Payload Module configuration
The Payload Module (PLM) is the main supporting structure for the complement of instruments and various deployable features. The internal design of the PLM allows these instruments to work optimally.
An overview of what the integrated PLM provides:
The PLM has a 'box' shape structure with a central cylinder as the main structural load path to the Service Module (SVM). It houses the payload instruments (see relevant article 'instrument summary') and the payload support systems. Instrument sensors and antennas are mounted on the external panels, while most of the electronics units are accommodated inside the PLM.

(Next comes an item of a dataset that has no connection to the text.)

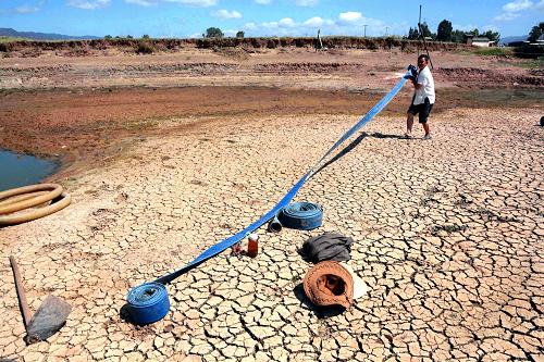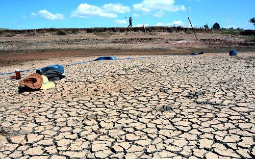 5月30日,一位农民从已渐渐干枯的庙街镇新庄库塘边走过。 新华社发(张树禄 摄)
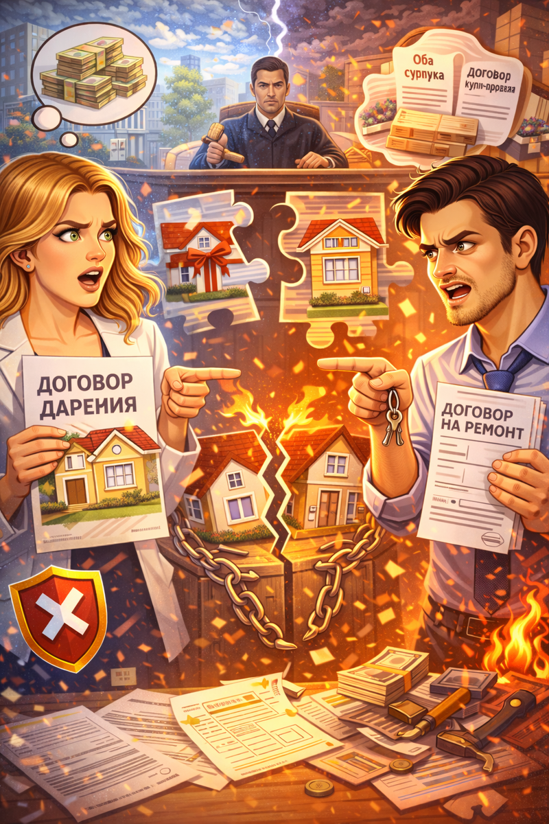 По закону имущество, полученное в дар, считается личной собственностью супруга. Это прямо следует из ст. 36 Семейного кодекса РФ. Но в судебной практике периодически возникают дела, которые для многих становятся полной неожиданностью. Потому что оказывается: даже подаренная квартира иногда становится предметом спора. Разберёмся, когда такое возможно. Это самая распространённая история. Например: родители дарят квартиру молодой семье и говорят: — «Живите, это вам на свадьбу». Но в договоре дарения написано: одаряемые: муж и жена. Юридически это означает, что квартира становится их общей долевой собственностью. И при разводе она делится как обычное имущество. Такие споры регулярно рассматриваются судами. Иногда дарение оформляют только на бумаге. Например: Если в суде будет доказано, что это была фактически купля-про

Thermal control of the PLM is in charge of maintaining all electronics and instruments in predefined operational and non-operational temperature limits.
Measurement data acquisition, handling, and storage
Scientific data acquisition, formatting, encryption and storage. A dedicated unit is implemented to adapt the National Oceanic and Atmospheric Administration (NOAA) interfaces to European standards for the American instruments.
Each unit or instrument is powered through a switchable and protected line, provided by specific PLM units. Unregulated power is distributed to the European instruments while a dedicated unit is providing the American instruments with regulated 28 V power.
Command and control for the PLM elements
A dedicated data bus, based on the European On-Board Data Handling Standard (OBDH), is used by the PLM. The Payload Module Computer (PMC) receives commands from the SVM and interfaces with the European instruments Instrument Control Units (ICUs) and Microwave Humidity Sounder Protocol Conversion Unit (MPU), as well as with a specific PLM unit for the American instruments (NIU).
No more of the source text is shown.